>>
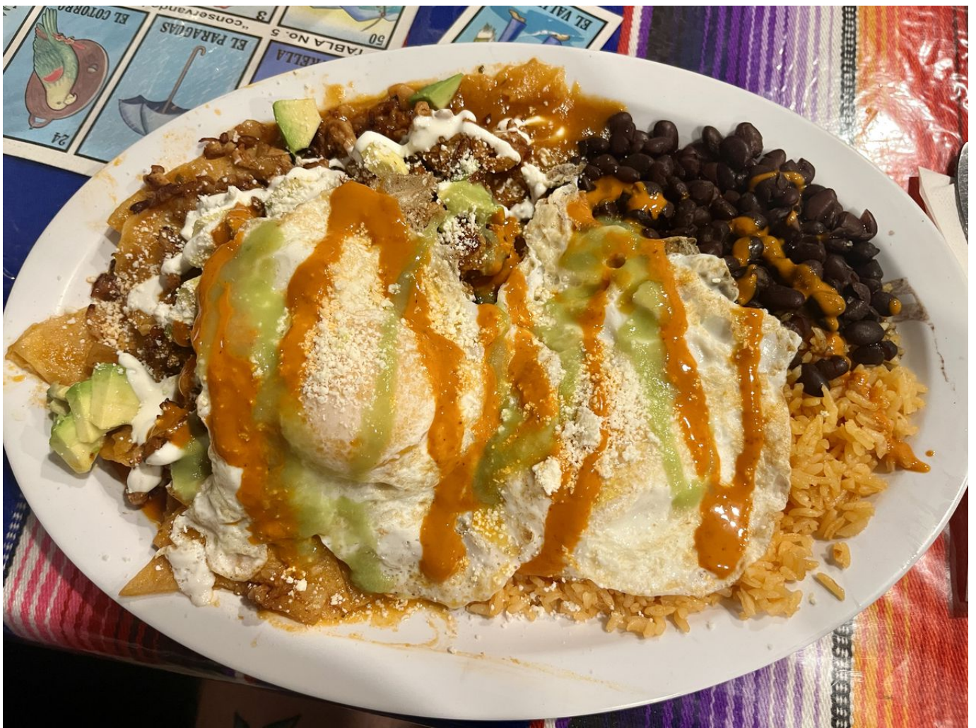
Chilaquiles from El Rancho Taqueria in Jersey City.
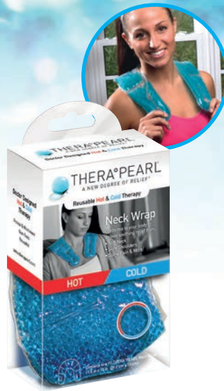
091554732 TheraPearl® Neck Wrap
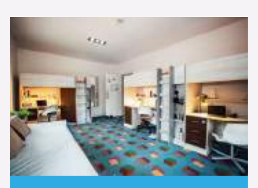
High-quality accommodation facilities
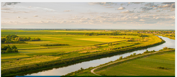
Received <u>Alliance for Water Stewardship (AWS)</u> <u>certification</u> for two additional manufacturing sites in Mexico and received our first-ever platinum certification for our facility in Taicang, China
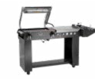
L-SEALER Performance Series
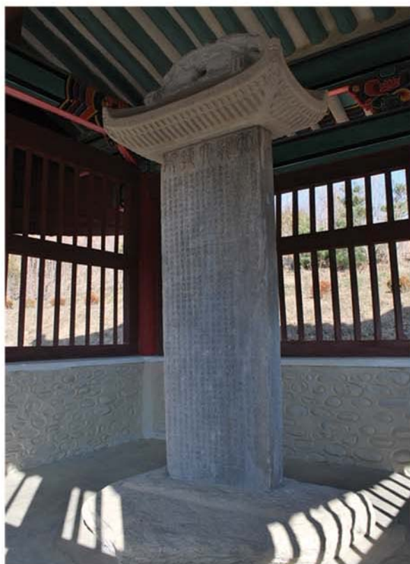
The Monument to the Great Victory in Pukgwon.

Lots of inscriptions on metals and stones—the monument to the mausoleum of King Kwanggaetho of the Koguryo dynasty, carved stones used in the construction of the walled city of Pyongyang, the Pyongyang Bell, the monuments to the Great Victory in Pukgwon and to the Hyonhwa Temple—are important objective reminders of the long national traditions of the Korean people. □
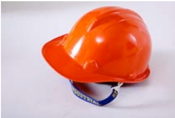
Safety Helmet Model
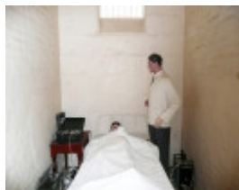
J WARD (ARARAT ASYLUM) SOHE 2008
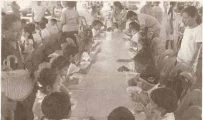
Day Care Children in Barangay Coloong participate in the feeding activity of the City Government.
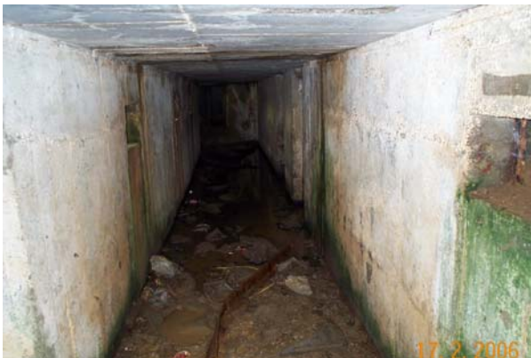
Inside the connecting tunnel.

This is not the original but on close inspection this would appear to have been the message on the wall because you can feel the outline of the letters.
<<
### Assignment
From the entries above, copy exactly the lines starting at the one with "L-SEALER Performance Series" and stopping at the one with "Inside the connecting tunnel.", keeping both ends. Drop the pictures.

### Result for this exercise
L-SEALER Performance Series
The Monument to the Great Victory in Pukgwon.

Lots of inscriptions on metals and stones—the monument to the mausoleum of King Kwanggaetho of the Koguryo dynasty, carved stones used in the construction of the walled city of Pyongyang, the Pyongyang Bell, the monuments to the Great Victory in Pukgwon and to the Hyonhwa Temple—are important objective reminders of the long national traditions of the Korean people. □
Safety Helmet Model
J WARD (ARARAT ASYLUM) SOHE 2008
Day Care Children in Barangay Coloong participate in the feeding activity of the City Government.
Inside the connecting tunnel.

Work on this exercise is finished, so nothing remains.